In the light both of the electoral statistics and the very large membership of the Congress, and of the position which it holds in the political life of India, the British Government should recognise that Congress is entitled to be accepted as the representative of the whole Indian people, and that any terms to which it is ready to agree, so long as they contain provisions safeguarding minorities, should be treated as accepted by India.

In conclusion, it may be said that, whilst time presses, and the negotiations in India, with the enemy at the gates, may move slowly, with hopes of success now waxing and now waning, and with every moment calling for the exercise of public opinion to drive the Government along the right path and protect it from its own reactionary elements, there are certainly to-day more hopes of a real settlement of the Indian problem than there have been. And it is encouraging to look at the prospects and see what a tremendous prize there is to be gained, both negatively and positively, from such a settlement. Something like one-sixth of the human race will have taken the first step towards building its own free and independent national life, and will be able to look forward to a tremendous development in every field of activity, on the basis of increasing industrial and agricultural activity and a rising standard of living which will have no parallel except in the prototype of such developments, the Soviet Union.

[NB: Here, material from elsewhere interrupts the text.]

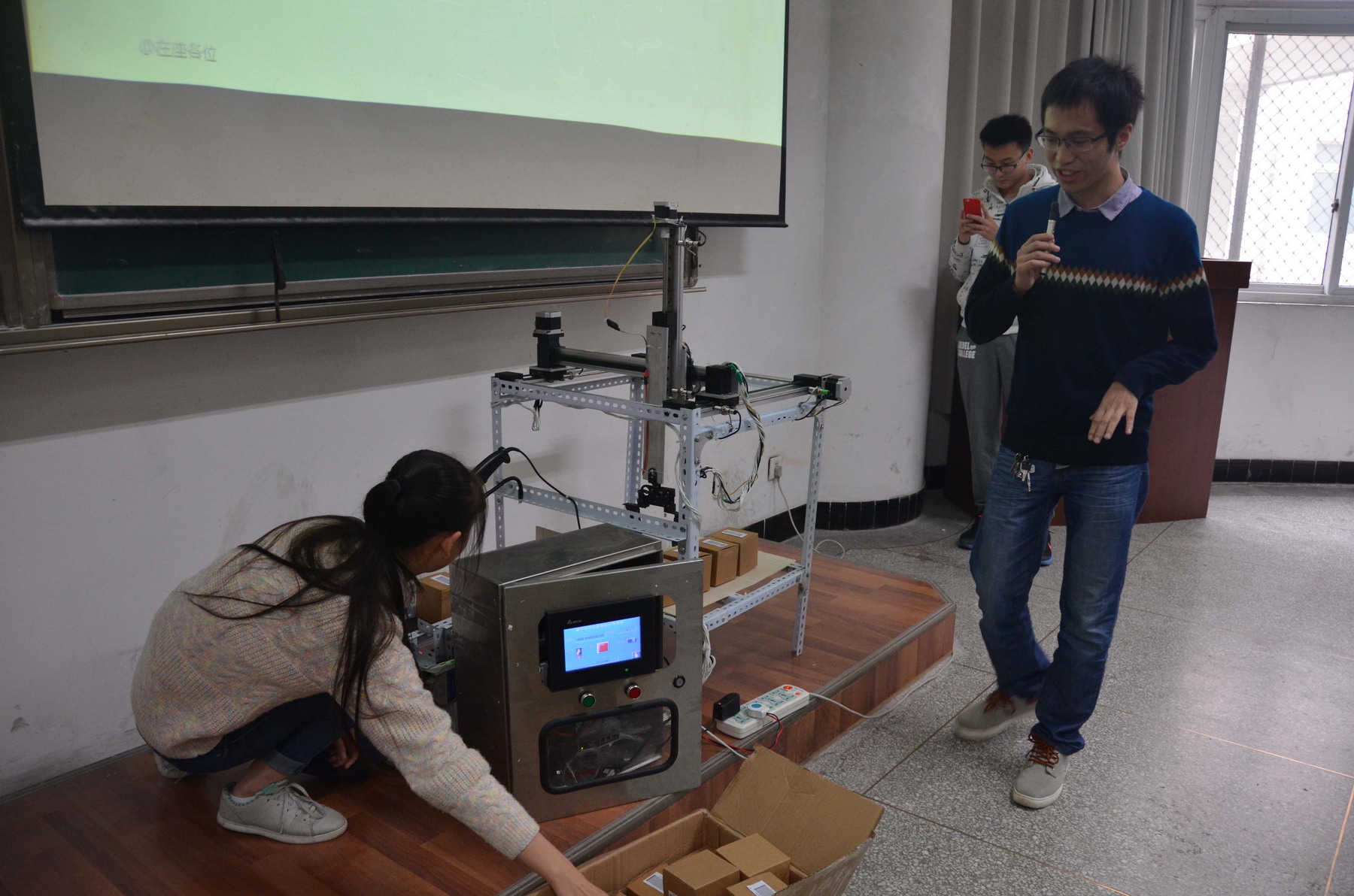 为了充分展示我院学生积极参加学科竞赛的优秀成果,14级机电专业薛皓天同学代表今年参加“发现智造高手”自动化大赛的两个项目组,向大家分享了参加比赛的历程及心得,对比赛的流程、比赛现场的氛围都作了详细介绍,展示了大量比赛的精彩画面,赢得了参会同学的一致赞叹;参赛成员向仕强、朱洪鑫等同学共同展示了“基于云平台的智能出货系统”、“中草药智能配取系统”两个成功作品;陈丹老师对赛事的影响力、校内校外的组织流程进行了说明,对2017年自动化设计大赛进行了动员宣传,鼓励同学们积极参赛,以此来培养自己的动手能力及团队协作能力。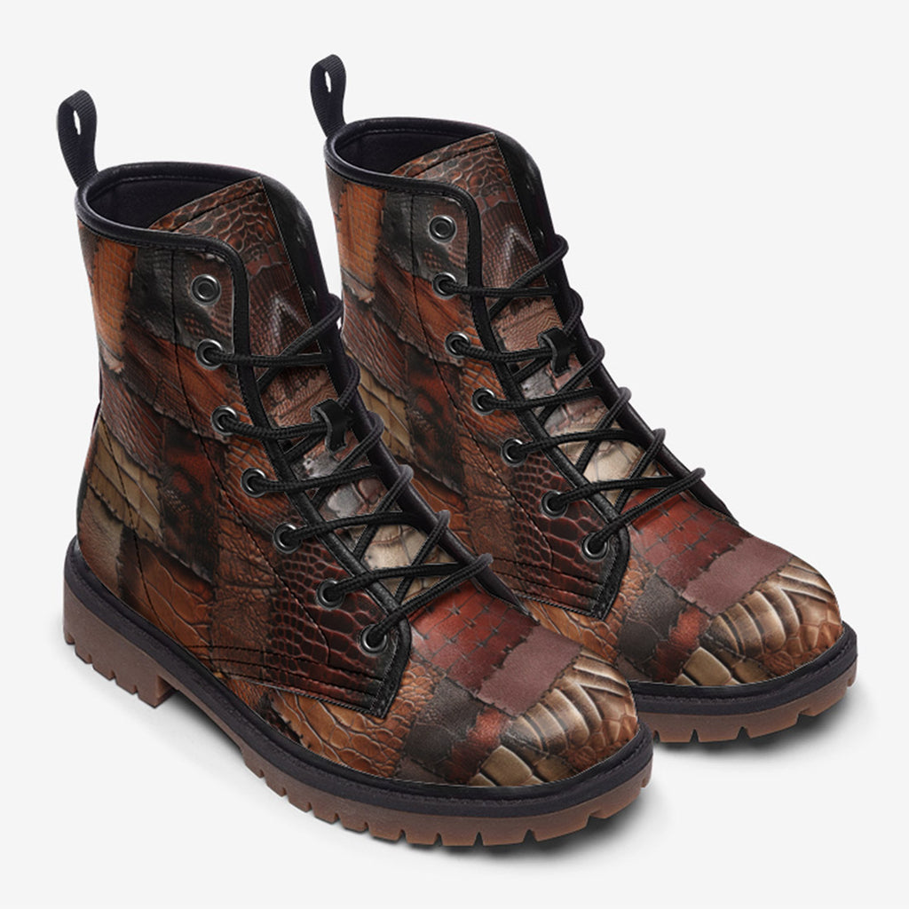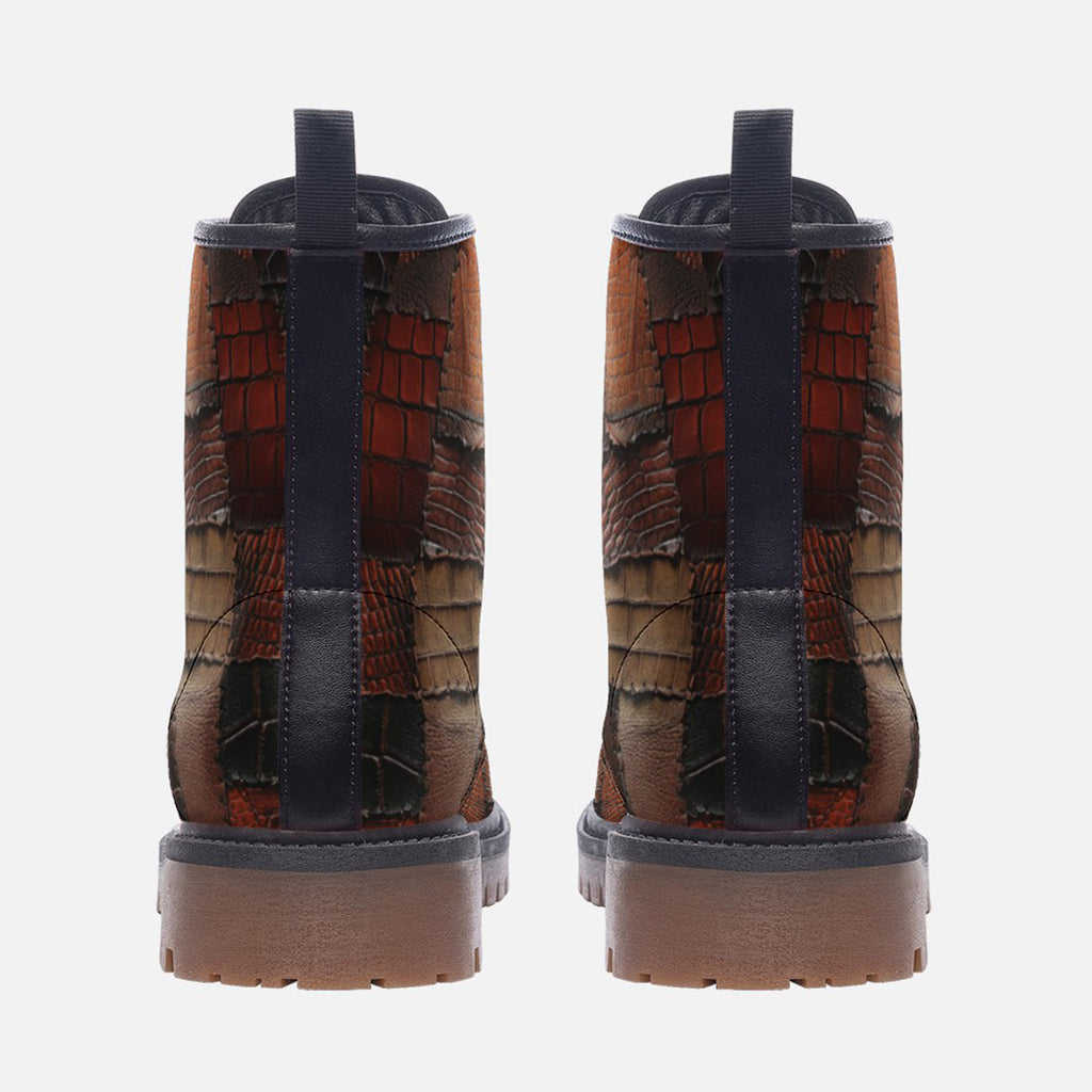 Leather Boots Alligator Skin Patchwork Print

And the first result, in spite of technical difficulties, will be that a successful resistance can now be offered both to Japanese arms and to Japanese propaganda.

Looked at more narrowly, our own interests will be equally well served. One of the most effective weapons of anti-British propaganda will be gone; neither in the U.S.A., nor in such neutral countries as still exist, nor in the underground movement in Germany, nor anywhere else, will it any longer be possible to assert that every claim or assertion we make about fighting for freedom and democracy is turned into a hollow mockery by our (normally Imperialist) treatment of India. Few even of the politically conscious among us realise for how long, and to how great an extent, the name India has been used almost all over the globe to blacken the fame of Britain.

For ourselves, too, we shall have taken a long step forward. Our standard of living will no longer be a parasitic growth on the poverty and misery of our Indian brothers; we shall have gone some way towards ridding ourselves of the reproach of being accomplices in a cruel exploitation – and incidentally, with the blossoming of a new India (among other things “a better customer”) and the immense increase in our own productivity that will come from the inevitable economic changes, our standard of living will not in fact suffer any setback, but will on the contrary soon increase rapidly, in spite of the “loss” of India. We shall not only be honest; we shall be no poorer even in money for our honesty!

And it is not fanciful, but just sober realism, to foresee a peaceful alliance in Asia of the countless millions of India, China and the U.S.S.R. striding forward to build a world of tranquillity and progress, material and cultural, in which all the other peoples and nations in Asia, including the Japanese, freed of their Fascist government, can take their share.